Bedrock Knowledge Bases automates the full retrieval-augmented generation (RAG) pipeline: document ingestion, chunking, embedding, vector storage, and retrieval. You connect a data source (S3, Confluence, SharePoint, web crawl), choose a vector store, and Bedrock handles the rest.

Component	Options Available
Data Sources	S3, Confluence, SharePoint, Salesforce, Web Crawler
Embedding Models	Titan Embeddings V2, Cohere Embed
Vector Stores	OpenSearch Serverless, Aurora PostgreSQL (pgvector), Pinecone, Redis Enterprise, MongoDB Atlas
Chunking Strategies	Fixed-size, Semantic, Hierarchical (parent-child), Custom Lambda chunker
Retrieval Strategies	Semantic search, Hybrid search (semantic + keyword)

The RetrieveAndGenerate API combines retrieval and generation in one call with automatic source attribution. The Retrieve API gives you raw retrieved chunks if you want to handle generation yourself.

💡

Hierarchical chunking stores both large parent chunks and small child chunks. Retrieval uses child chunks for precision, but returns parent chunks for richer context. This significantly improves answer quality for long documents.

Bedrock Agents - Autonomous Multi-Step Task Execution

Bedrock Agents allow a foundation model to autonomously break down tasks, call APIs (via Action Groups backed by Lambda functions), query Knowledge Bases, and iterate until a goal is achieved - without you writing the orchestration logic.

An agent consists of: a foundation model, an instruction prompt, optional Action Groups (API schemas + Lambda), optional Knowledge Bases, and optional Guardrails. The agent uses ReAct-style reasoning to decide which tool to call next.

Component	Purpose	Implementation
Action Group	Tools the agent can call (APIs, functions)	OpenAPI schema + Lambda function
Knowledge Base	Information retrieval for grounding	Bedrock Knowledge Base (managed RAG)
Guardrails	Safety filtering and topic blocking	Bedrock Guardrails resource
Memory	Retain context across sessions	Session attributes or external DynamoDB
Code Interpreter	Execute Python code dynamically	Built-in sandbox, no Lambda needed

⚠️

Agents invoke Lambda functions with the model's chosen parameters. Always validate and sanitize agent-provided inputs in your Lambda code - do not trust them as safe inputs to downstream systems.

Guardrails, Security, and Compliance

Bedrock Guardrails lets you define content policies that are applied on every model invocation - both input (user prompt) and output (model response). This is essential for production applications.

Guardrail Feature	What It Does
Topic Denial	Block responses on specific topics (e.g. competitor comparisons, financial advice)
Content Filters	Filter hate speech, violence, sexual content, and prompt injection attacks
PII Redaction	Detect and redact/block 30+ PII types (SSN, credit cards, email, phone)
Grounding Check	Verify responses are grounded in provided context (reduces hallucination)
Word Filters	Block custom profanity or brand-restricted terms

All Bedrock API calls are logged to CloudTrail. Model invocation logging (input/output payload) can be sent to S3 or CloudWatch Logs for compliance and audit. Bedrock is HIPAA eligible and supports BAAs.

💡

Bedrock does not use your prompts or completions to train AWS or third-party models. Data is encrypted in transit and at rest. Model providers cannot access your data.

🎯

Interview Focus Points

1What is the difference between on-demand, provisioned throughput, and batch inference in Bedrock?

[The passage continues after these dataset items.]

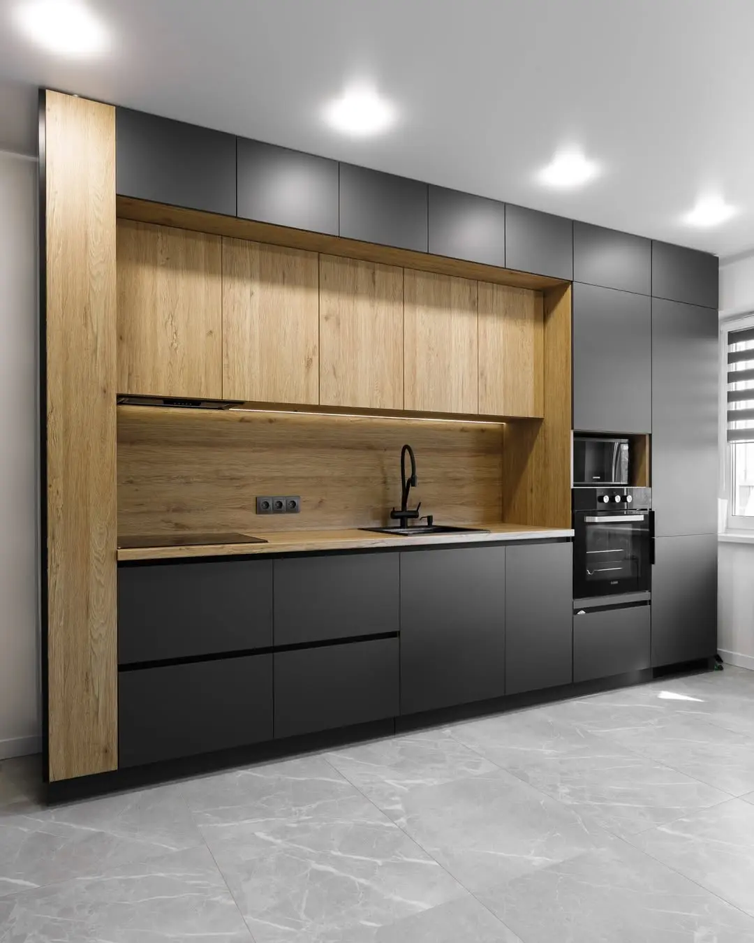 Серая кухня в стиле минимализм с деревянной столешницей и встроенной техникой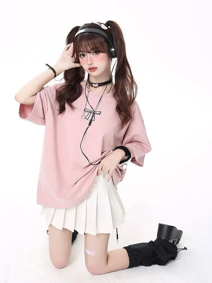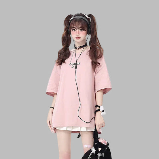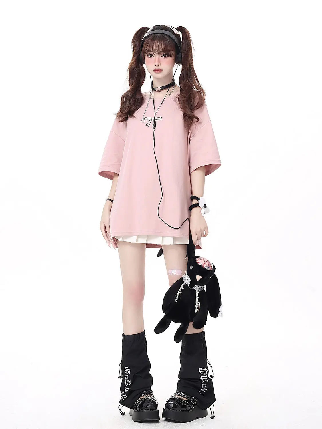 Vaaleanpunainen Jirai Kei -huppari nyörityksellä selässä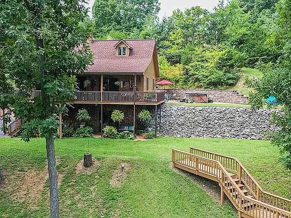 This expansive hillside property covers approx. 3.5 acres with a heavenly year round view of Barkley Lake. The home has 3 bedrooms, 2.5 baths on multiple levels. The cedar siding & rock front covered porches allows perfect seating on both levels, with a concrete and asphalt drive, leading to the hot tub under the stars. The 2 car attached garage allows for easy access to the lower level. The home is equipped w/ a whole house natural gas generator and new heat and air unit. There is a separate rental with 1000 sq ft that has one bedroom one bath with a attached garage. and a camper site with water, electric and septic. There is also a large storage building 24 x 50 with concrete floor, electric and 2- carport for boat storage.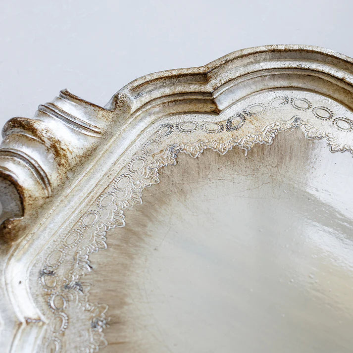 Our classic Florentino Wooden Tray features an exquisite antique gold and silver design, making it a stunning choice for serving or as an everyday accent piece. Available in two sizes, Extra Large and Large, this tray seamlessly blends style and utility.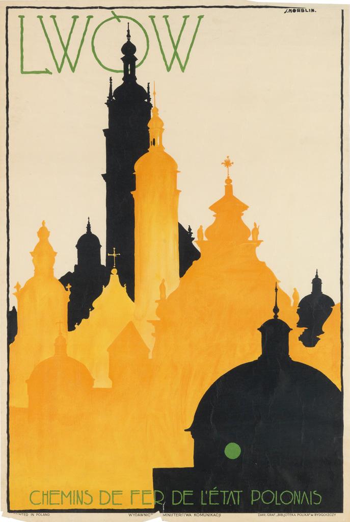 Lwòw has had a tumultuous geo-political history. Historically a prominent Polish, Ukrainian and Jewish city, it was one of the intellectual centers of Eastern Europe. Over the centuries, it has been fought over and claimed by the Hapsburgs, Russians, Poles and Germans. Poland took control of the city in late 1920, and it was part of Poland until the beginning of the Second World War when it was retaken by the Soviets and then again by the Germans. Norblin, in a silhouette style reminiscent of posters by Ludwig Hohlwein, depicts some of the city skyline’s most prominent structures: The Bernadine Cathedral and Monastery, the Clock Tower and the domes of the Assumption Dormition Church and the Dominican Church, amidst other spires and steeples. In addition to its size, architecture and cultural prominence, Lwow is now also infamous for the Jewish Ghetto established there during the Second World War, which was liquidated in June 1943. Simon Wiesenthal was one of the most prominent of the ghetto’s few survivors. Polish Poster 92, Biblioteki Glownej 178, Polska Sztuka Plakatu p. 79.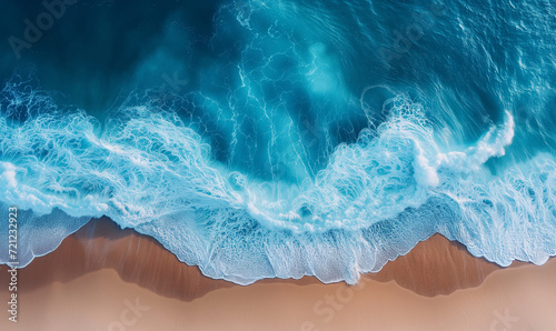 Ocean's Embrace: Aerial Perspective of the Shimmering Shoreline Where Waves Meet Sand in a Mesmerizing Dance, Top view with the drone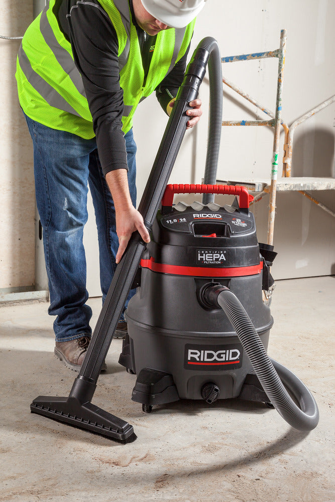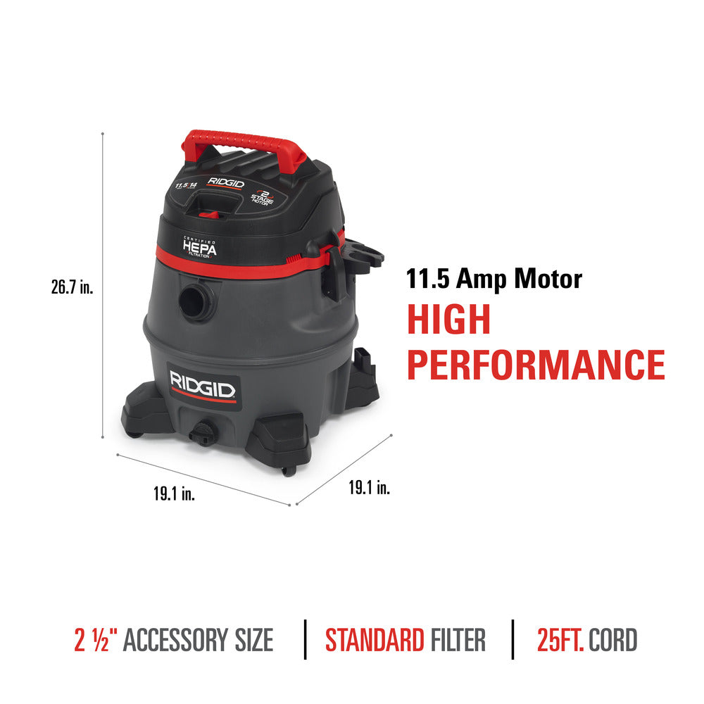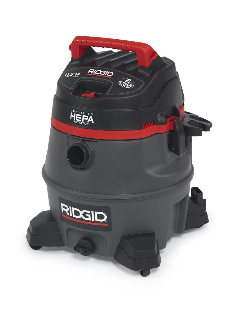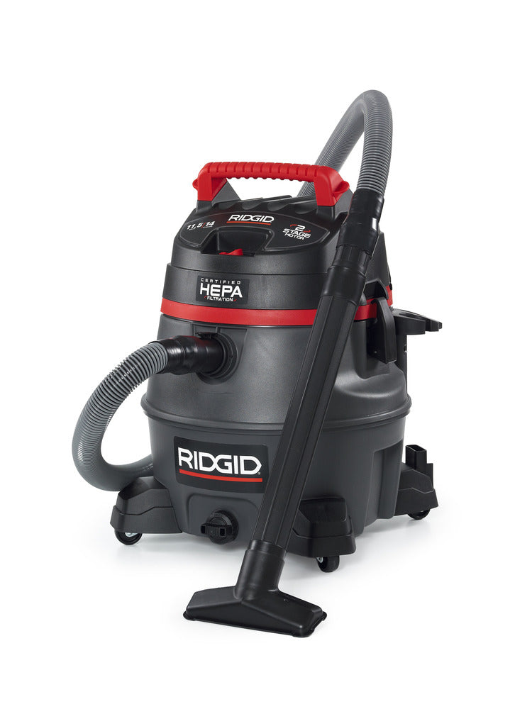 The RIDGID® Model RV2400HF professional wet dry shop vac is a 14-gallon, 2-stage wet dry vacuum with certified HEPA Filtration that meets EPA’s definition under the RRP rule for lead paint renovations. It delivers the high-lift suction, large capacity, rugged construction for pro, contractor and industrial use.
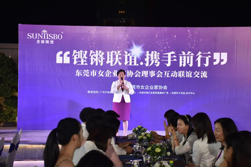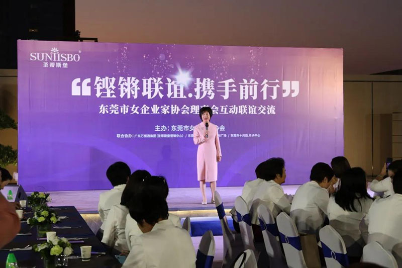 接下来,东莞市女企业家协会理事会会长叶小红女士上台发言,她表示非常感谢金年会集团集团举办此次联谊交流会,同时,对我们的产品和企业文化给出了很高的评价。她号召东莞市女企业家协会以后要更多的举办此类交流联谊活动,以此增进会员企业之间的联系和了解,为未来进一步交流发展开创新局面!她希望我们能携手同行,强强联手,共赢未来,共创新辉煌!
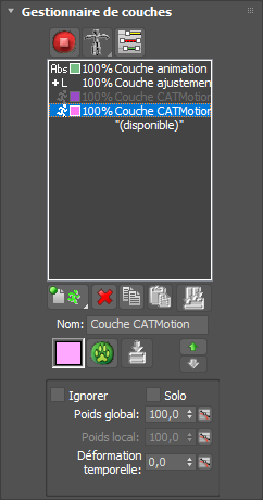 Le système de couches de CAT est un simple mécanisme de stockage et de gestion des contrôleurs d'animation. Il prend en charge tous les contrôleurs d'animation de 3ds Max, y compris les différents contrôleurs d'images clés tels que Bézier, TCA, Linéaire Quaternion et Euler, ainsi que les contrôleurs procéduraux comme les contrôleurs de scripts, d'expressions et de contraintes.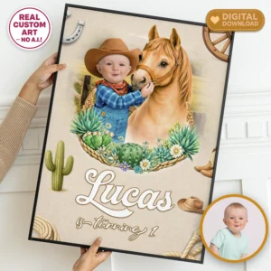 Custom Cowboy Baby Birthday Portrait – adorable western-themed artwork personalized with your child’s photo, hand-edited, delivered 24 hours.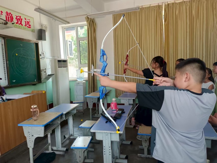 高年級(jí)的教室在李老師精心的布置下,搖身成為“張弓搭箭”的競(jìng)技場(chǎng),“小小神射手”實(shí)踐課始終彌漫著孩子們的飽滿活力與熱情好奇。
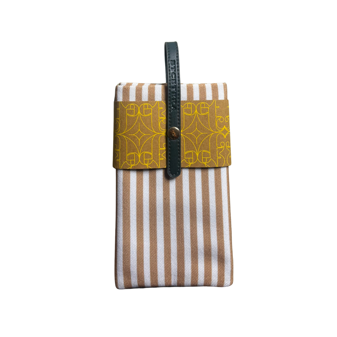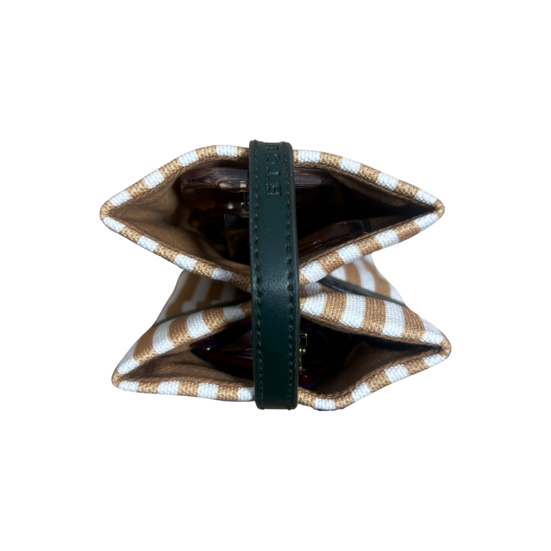 Say hello to the eyewear essential that simplifies your everyday, the Twin Carry Eyeglass Pouch. Designed with warm beige–cream stripes on canvas and a cushioned inner body. This one pairs beautifully with a deep forest-green vegan-leather strap and a polished gold button for a clean, modern finish.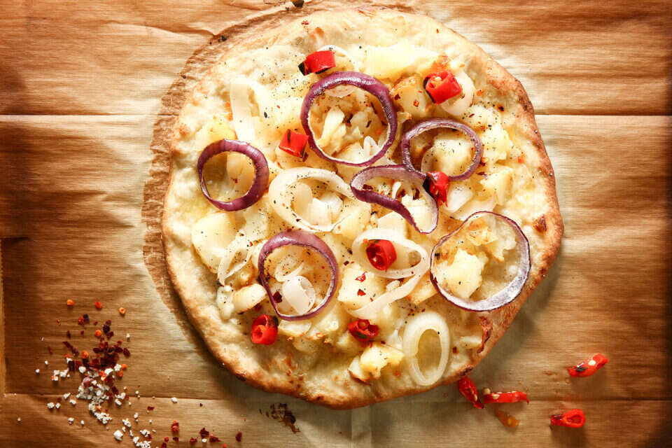 מערבבים את הריקוטה, המסקרפונה והפרמזן ומורחים על ארבע הפיצות. מפזרים מעל קוביות תפוחי אדמה ופרוסות בצל וצ'ילי. מתבלים במלח ובפלפל.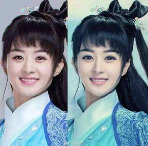 再看之前《青云志》的官宣P图对比,厚厚的刘海减去了赵丽颖不少灵动气息,p后将赵丽颖可爱的包子脸修成了网红风的锥子脸。不仅并未为赵丽颖添半分辨识度,反而使她五官的优点被缩小了。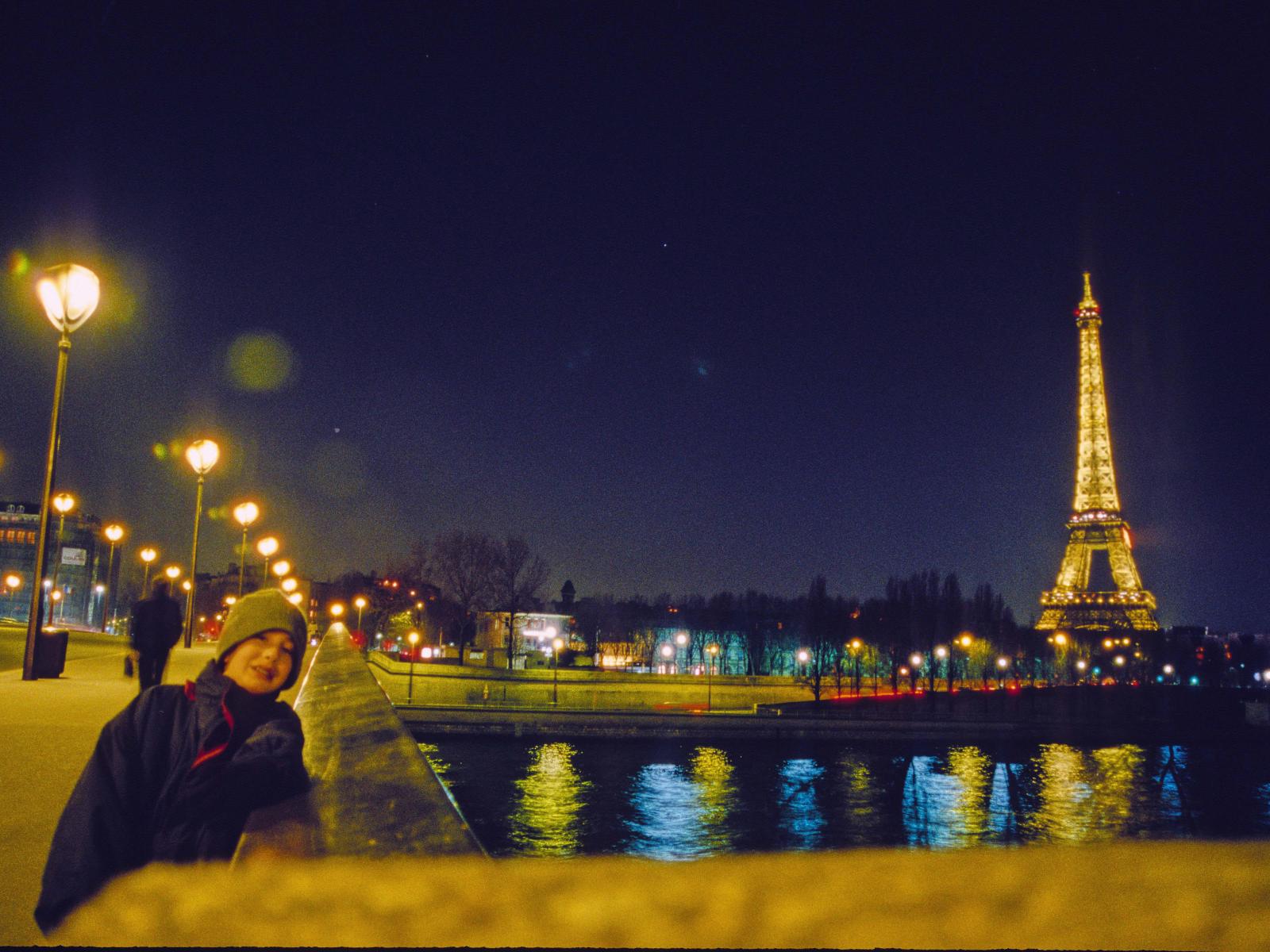 Wallpaper Child and the Eiffel Tower, night photo

When would you use each?
2How does Bedrock Knowledge Bases work end-to-end? What happens when you ingest a document?
3Explain the RAG pattern - what problem does it solve and how does Bedrock implement it?
4How do Bedrock Agents decide which tool to call? What is the ReAct reasoning pattern?
5What are Bedrock Guardrails and why would you use them instead of prompt engineering alone?
6How does Bedrock handle data privacy? Can Amazon or model providers see your prompts?
7Compare Bedrock to using OpenAI directly - what are the advantages for an AWS-native team?
8How would you set up model invocation logging for compliance in a regulated industry?
9What is the difference between semantic chunking and hierarchical chunking in Knowledge Bases?